Lisa, in the Belgian school system, learned Bohr model around 15, but thinks this was also supplemented by the teacher saying "well actually it's more complicated".

So from the three of us, with somewhat varying levels of eventual interest in science, I'd say our experience suggests the analogy will land as we were basically taught the Bohr model with that caveat.

(no subject)

Date: 2026-01-16 12:56 am (UTC)
watersword: Keira Knightley, in Pride and Prejudice (2007), turning her head away from the viewer, the word "elizabeth" written near (Default)
From: [personal profile] watersword

I definitely absorbed the Bohr model from General Zeitgeist as a child; by the time I took a formal chemistry class in high school at age ...fifteen?, eleventh grade, when the teacher asked us to draw atoms on the whiteboard on the first day of class, I drew the quantum model and felt verysmug when my classmates all drew the Bohr model. I have no idea when I learned this, mind, and also that would be my last success in chem class.

(no subject)

Date: 2026-01-16 01:54 am (UTC)
redbird: closeup of me drinking tea, in a friend's kitchen (Default)
From: [personal profile] redbird
I think I was aware of the Bohr model by 8th grade (age 13), but I don't remember whether I was taught that in school, or just picked it up from the zeitgeist: in those days libraries were using a schematic of the Bohr atom to label science fiction books. (I think some still are).
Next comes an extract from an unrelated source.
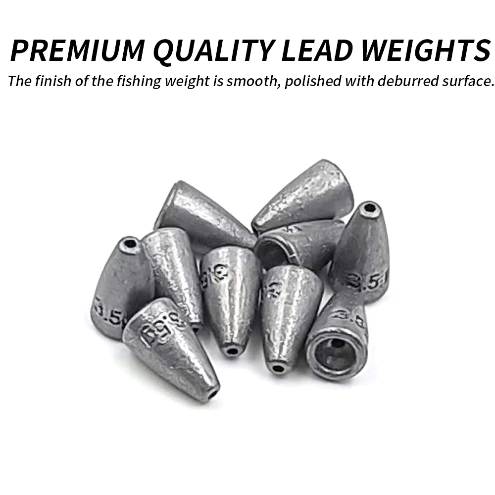 PESO DE PLOMO DE CALIDAD PREMIUM: Hecho de materiales de alta calidad y el recuento es preciso, el acabado del peso de pesca es suave, el molde de peso es agradable, pulido con superficie desbarbada.Sin flash de moldeo, de longitud muy uniforme y sin huecos en el cable.

I'm also not sure when/where I learned about the current consensus model.

For reference, I'm 62, born and raised in the United States, specifically New York City.

(no subject)

Date: 2026-01-16 01:59 am (UTC)
starlady: Raven on a MacBook (Default)
From: [personal profile] starlady
I'm in the States. We learned the Bohr model as the original idea and then immediately moved into the current consensus model, in both middle school and high school chemistry.